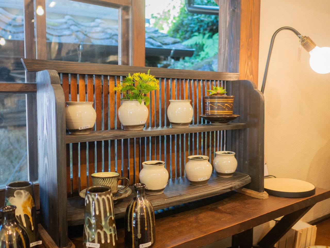 敷地内のショップには、おふたりが制作した器たちがセンスよく並べられており、眺めているだけで「暮らしを豊かにしてくれる道具」のイメージが自然と湧いてきます。インテリアに馴染む色合いとサイズの植木鉢も、人気アイテムのひとつなのだそうです。
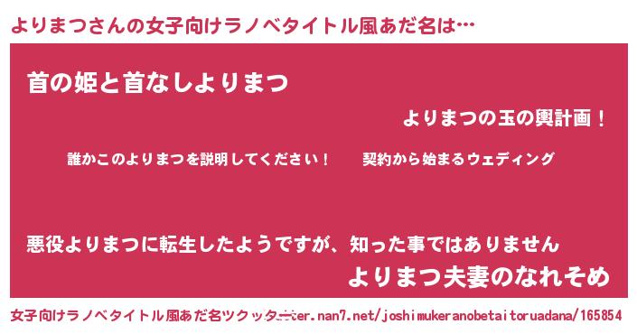 | 胡散臭い通販商品みたいなあだ名 | 『億万長者になれる霊験あらたかなお札…その名も「よりまつ」』 |
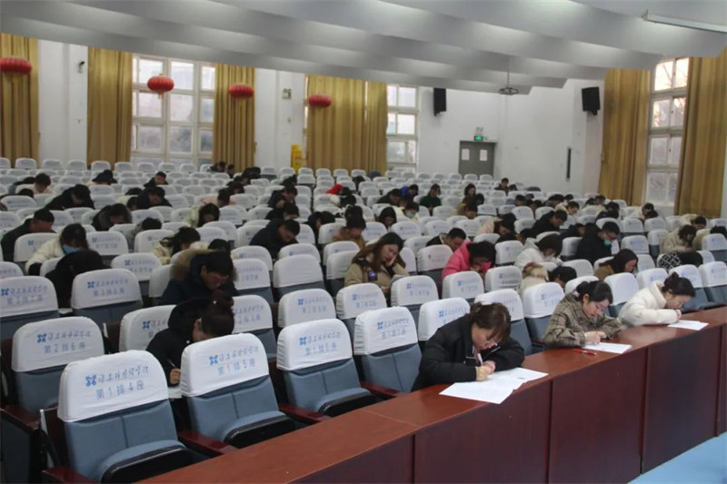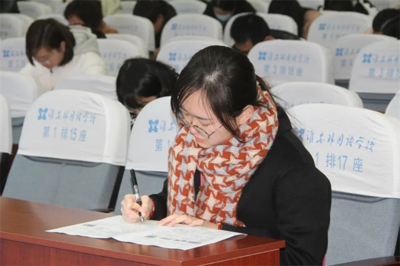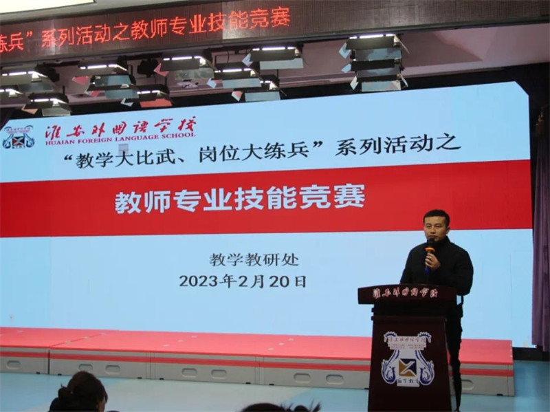 为了更好地落实淮安区“岗位大练兵、教学大比武”文件精神,进一步激发教师们“研考”热情,提升业务素养,加强对新课标、新试题的进一步研究,提高教师专业知识能力素养,夯实教学基本功,2月20日下午,淮安外国语学校在阶梯教室举行了“教学大比武、岗位大练兵”之教师专业技能竞赛暨2022-2023学年度第二次考学活动。分管教学教研工作的张明根副校长,学术管理委员会副主任张诚,教科室主任史学冬巡查监考。
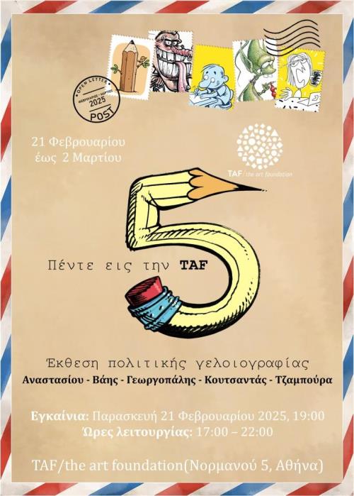 Αθήνα: Έκθεση πολιτικής γελοιογραφίας «5 εις την TAF» / από 21 Φεβρουαρίου μέχρι 2 Μαρτίου 2025

******

Problem to work on
Output the listing exactly, without images.

Answer box
 敷地内のショップには、おふたりが制作した器たちがセンスよく並べられており、眺めているだけで「暮らしを豊かにしてくれる道具」のイメージが自然と湧いてきます。インテリアに馴染む色合いとサイズの植木鉢も、人気アイテムのひとつなのだそうです。
 | 胡散臭い通販商品みたいなあだ名 | 『億万長者になれる霊験あらたかなお札…その名も「よりまつ」』 |
 为了更好地落实淮安区“岗位大练兵、教学大比武”文件精神,进一步激发教师们“研考”热情,提升业务素养,加强对新课标、新试题的进一步研究,提高教师专业知识能力素养,夯实教学基本功,2月20日下午,淮安外国语学校在阶梯教室举行了“教学大比武、岗位大练兵”之教师专业技能竞赛暨2022-2023学年度第二次考学活动。分管教学教研工作的张明根副校长,学术管理委员会副主任张诚,教科室主任史学冬巡查监考。
 Αθήνα: Έκθεση πολιτικής γελοιογραφίας «5 εις την TAF» / από 21 Φεβρουαρίου μέχρι 2 Μαρτίου 2025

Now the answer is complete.